Titolo della mostra al Padiglione Messicano è Hasta que los cantos broten.

Artisti: Mariana Castillo Deball, Naomi Rincón Gallardo, Fernando Palma Rodríguez y Santiago Borja.
Curatori: Catalina Lozano y Mauricio Marcin
Sede: Padiglione Messicano, Arsenale - Venezia

Comunicato Stampa del Padiglione Messicano alla 59° Biennale di Venezia

L'Istituto Nazionale di Belle Arti e Letterature (INBAL), che fa parte del Ministero di Cultura del Governo del Messico, annuncia il progetto che rappresenterà il ns paese alla 59a Biennale Internazionale d'Arte di Venezia.

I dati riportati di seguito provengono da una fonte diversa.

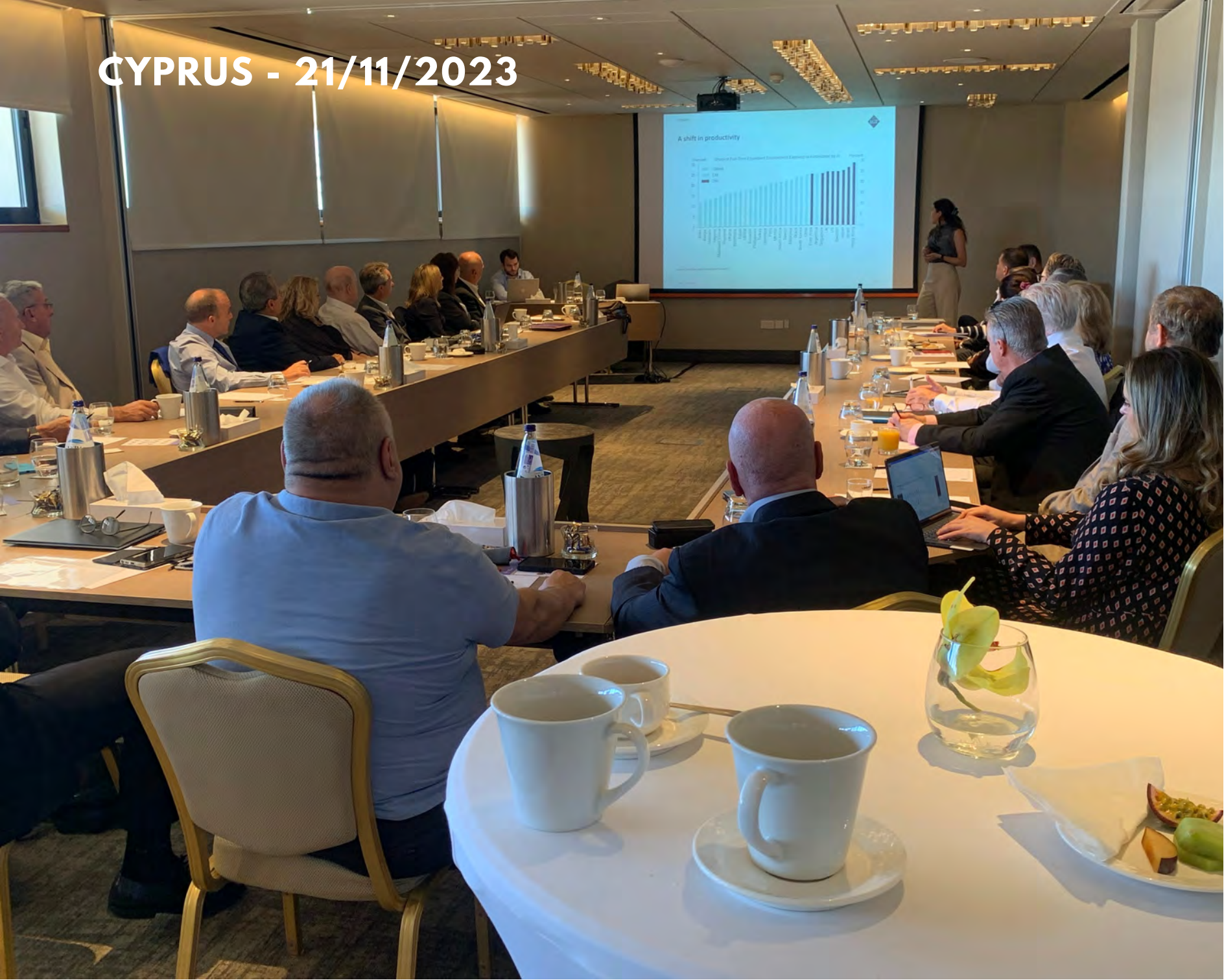
A shift in productivity

La mostra intitolata Hasta que los cantos broten si svolgerà presso il Padiglione del Messico, dal 23 aprile al 27 novembre 2022. Sotto la curatela di Catalina Lozano e Mauricio Marcin, questa proposta offre a approccio collettivo, da una prospettiva decoloniale, riflettendo su visioni del mondo, tecnologie, territori e la riconfigurazione delle soggettività di genere. Gli artisti Mariana Castillo Deball, Naomi Rincón Gallardo, Fernando Palma Rodríguez e Santiago Borja Charles, offrire allegorie per immaginare una convivenza basata su complesse relazioni di reciprocità e rispetto. Costruire un paradigma che affronti il mistero del rigenerativo coesistenza delle culture più eterogenee, e non quella dell'esclusione dell'altro esseri viventi, umani e non.

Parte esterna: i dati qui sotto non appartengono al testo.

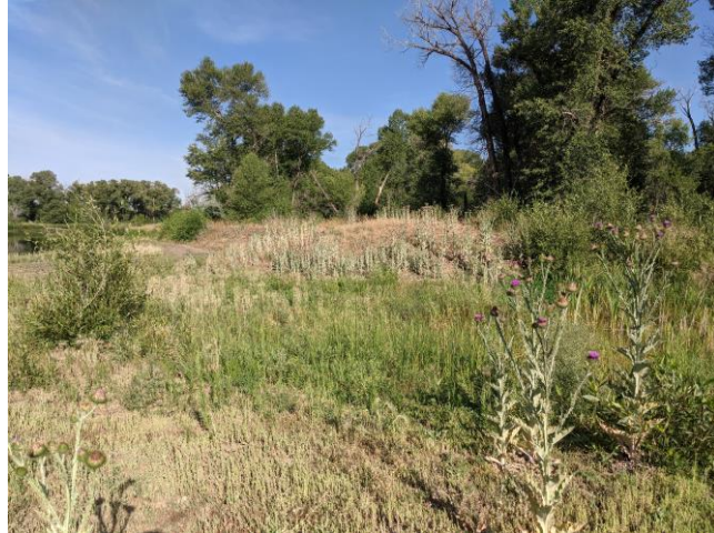
Larger thistle patch.

The Division currently holds a financial warranty amount of $20,545 for this site. Given that the site has been fully reclaimed by the operator, this amount is sufficient to ensure any additional reclamation and/or maintenance of the site could be performed.

Fino alla primavera delle canzoni si propone di guardare ai modi in cui gli artisti di generazioni diverse avvicinarsi a forme di conoscenza che non sono state colonizzate dall'episteme moderna, esistendo nella resistenza, e attualizzandosi per affermare modi opposti e alternativi di vita alla visione antropocentrica modellata dal principio univoco e univoco di progresso. Nella prospettiva decoloniale condivisa dai quattro artisti del progetto, la loro la ricerca offre una visione diversificata delle pratiche tematiche e delle matrici concettuali che caratterizzano la scena artistica contemporanea in Messico oggi.

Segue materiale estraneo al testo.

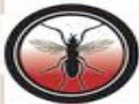
Gnats (Lice) Exodus 8:12-15
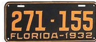
1932, orange on black
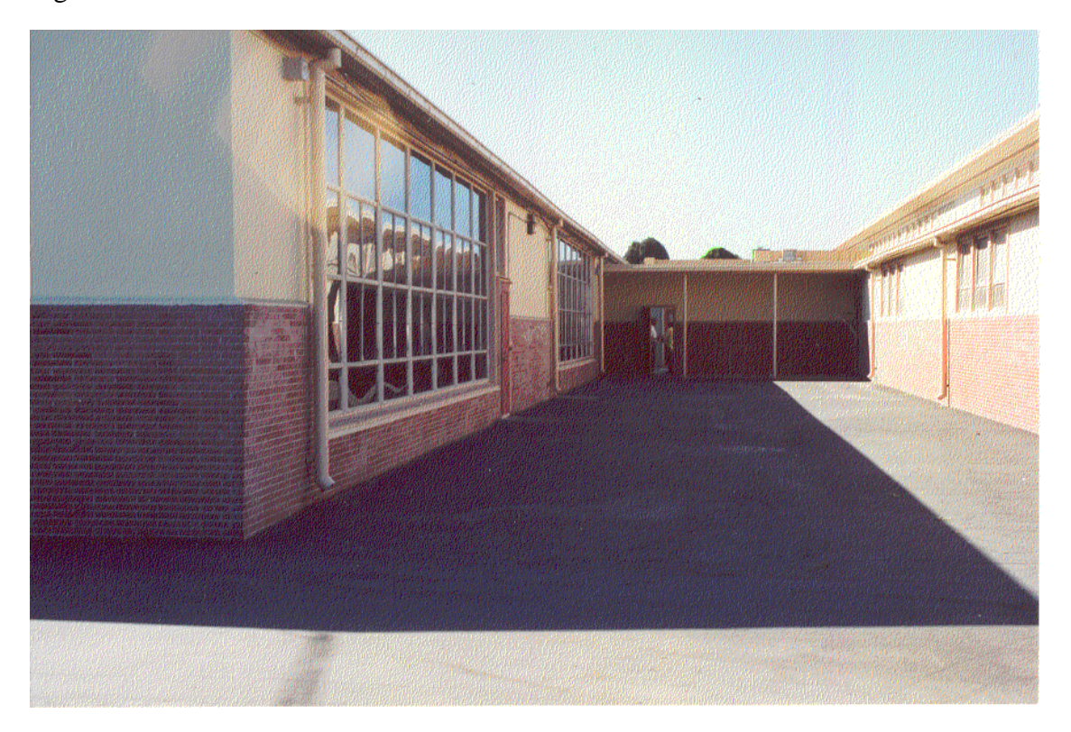
Figure 3: Unit D (classroom buildings) east face
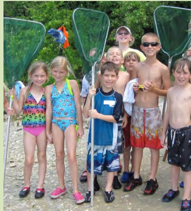
💧 Past summer camp
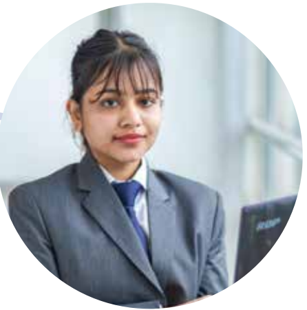
BBA in Digital Marketing
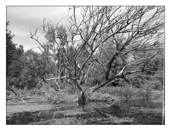
Figure 4. The one of natural places in Angrapa River middle reaches (near shoreline water vegetation)

In Angrapa many substrates were not inhabited by mollusks. The majority of gastropods ( Th. fluviatilis, B. tentaculata, R. auricularia ) had lived on the stones of the shallow river banks. These snails are lithoreophilous. B. tentaculata formed settlements on anthropogenic objects. R. auricularia located on the stems of aquatic plants at the shore line. V. viviparus were found on overgrown, covered with silt substrates: stones, shallow boulder banks, on silted boulders, on dam metal and concrete. A. fluviatilis , sometimes, were found on empty shells of bivalve molluscs.

La giuria invitata che ha selezionato questa proposta curatoriale era composta da: Carmen Cuenca, direttore esecutivo di INSITE; Amanda de la Garza, direttore generale dell'Università Museo d'Arte Contemporanea e Dipartimento di Arti Visive, della National Università Autonoma del Messico; Pablo León de la Barra, Curator at Large, America Latina al Museo e Fondazione Salomon R. Guggenheim, Patricia Sloane, indipendente curatore e membro del Patronato de Arte Contemporáneo, AC; e la dottoressa Lucina Jiménez, direttore generale dell'INBAL.

Per questa edizione, l'Istituto Nazionale di Belle Arti e Letterature ha deciso di modificare il linee guida di partecipazione, basate su criteri che consentirebbero di spostarsi da un individuo proposta, verso un senso di dialogo e una maggiore collettività, promuovendo dialogo intergenerazionale, con una prospettiva di genere, e considerare un interdisciplinare approccio, al fine di rendere visibile la diversità dell'ecosistema artistico messicano, prendendo in considerazione della fattibilità e del significato dei progetti in relazione alla corrente contesto.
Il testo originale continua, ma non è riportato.